Pewne 3:0 i pierwsze zwycięstwo w Lidze Mistrzów! Siatkarze Lotos Trefl Gdańsk w Ergo Arnie nie dali najmniejszych szans Vojvodinie NS Seme Nowy Sad. Najskuteczniejszym zawodnikiem był nasz mistrz świata Mateusz Mika, zdobywca 18 punktów.
03.11.2015
Więcej artykułów poświęconych Gdańskowi znajdziesz na stronie głównej gdansk.pl

Rywalami gdańszczan w grupie oprócz zespołu z Serbii są także włoski Modena Volley i słoweński ACH Volley Lublana (Słowenia). Planem minimum wicemistrzów Polski jest przeskoczenie w tabeli drużyn z Bałkanów. Pierwszy krok zrobili w sposób zdecydowany.

Siatkarze Lotosu Trefla górowali nad rywalami z Nowego Sadu od samego początku pod każdym względem. Gospodarze pierwszy punkt stracili przy stanie 5:0 po własnym błędzie (Wojciech Grzyb zagrywał na aut), pierwszy punkt po skutecznej akcji gości stracili dopiero na 9:3.

Podopieczni trenera Andrei Anastasiego prowadzili już 24:15, ale nim pierwszego seta zakończył świetnie usposobiony Mateusz Mika, rywale zdobyli jeszcze trzy punkty. Mika był najlepszym zawodnikiem w całym spotkaniu, zdobył 18 punktów, w tym 3 po skutecznych blokach.

Młody zespół Vojvodiny postawił się na początku drugiej partii, ale do stanu 6:6, potem dzielili i rządzili już tylko gdańszczanie. Różnica klas była aż nadto widoczna. Momentami miało się wrażenie, że na parkiecie grają mistrzowie z uczniami. Set zakończył się pewnym 25:16 dla wicemistrzów Polski.

Krótkie, ale dobre zmiany dawali Przemysław Stępień, Damian Schulz, na parkiecie pojawił się też 18-letni Kamil Dębski, który kilka razy udanie zagrywał.

Najbardziej wyrównany był trzeci set. Lotos Trefl prowadził 11:7 oraz 19:15, w obu przypadkach rywale dochodzili na jeden punkt (11:10, 19:18). Wówczas świetnie zaatakował z prawego skrzydła Mika, za chwilę skutecznie blokowali Murphy Troy, który zdobył w meczu 12 punktów, oraz Krzysztof Ratajczyk. I jeszcze zaatakował Troy a piłka po bloku Serbów wyszła za boisko. 22:18.

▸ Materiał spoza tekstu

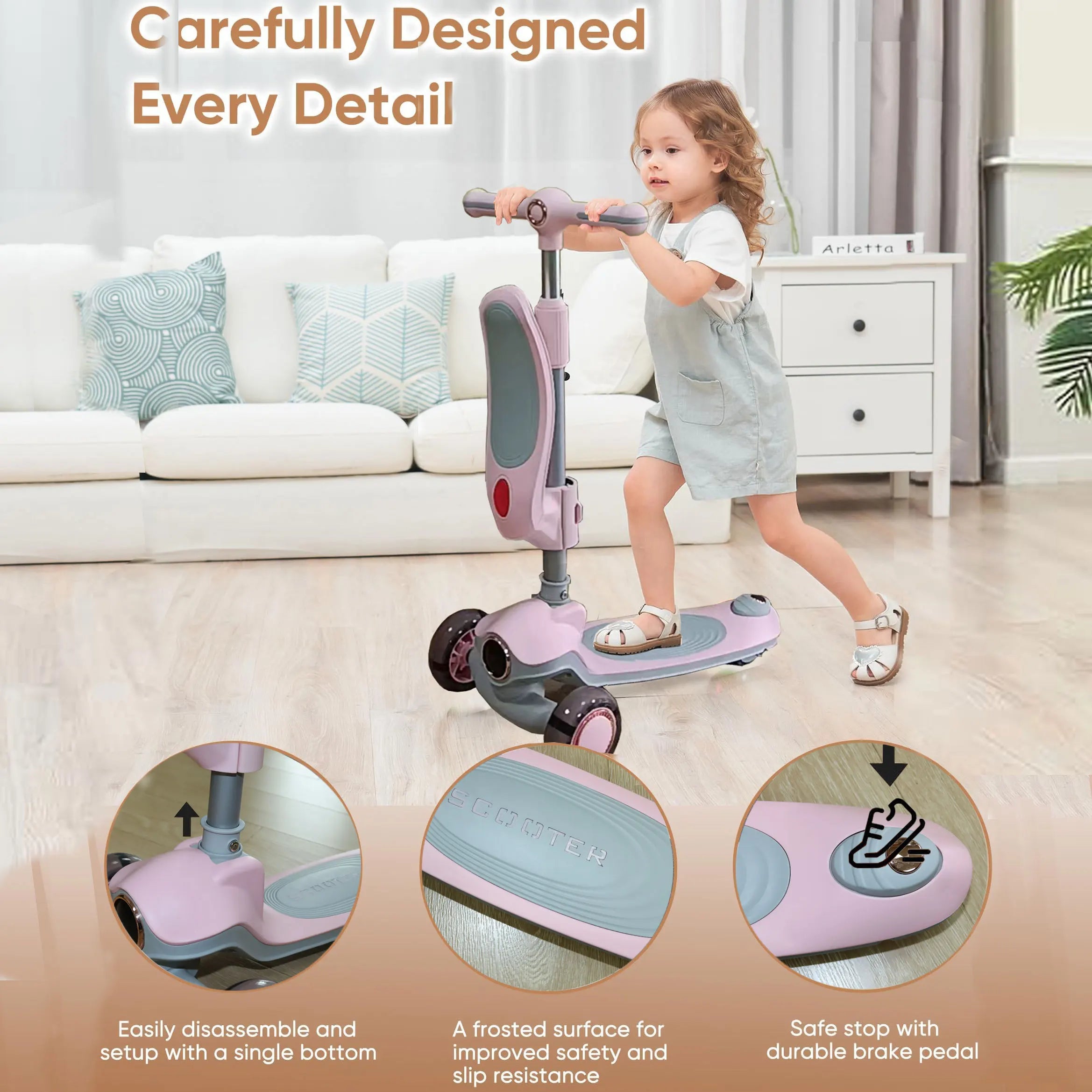 2-in-1 Foldable Kids Scooter with Removable Seat, 5-Level Adjustable Height, LED Light-Up Wheels, and Music Player, Safe Toddler Ride-On for Ages 3–12

Gościom do końca spotkania udało się wydrzeć tylko jeden punkt. Piłka meczowa należała do Sebastian Schwarza. Po niespełna 80 minutach pierwsze – bardzo pewne – zwycięstwo Lotosu Trefl w Lidze Mistrzów stało się faktem.

- Zagraliśmy dobrze w defensywie, byliśmy bardzo skoncentrowani, walczyliśmy o każdą piłkę – mówił po meczu trener Anastasi. - Pokazaliśmy się z dobrej strony, ale kolejne mecze będą na pewno trudniejsze.

Lotos Trefl Gdańsk – Vojvodina NS Seme Nowy Sad 3:0 (25:18, 25:16, 25:19)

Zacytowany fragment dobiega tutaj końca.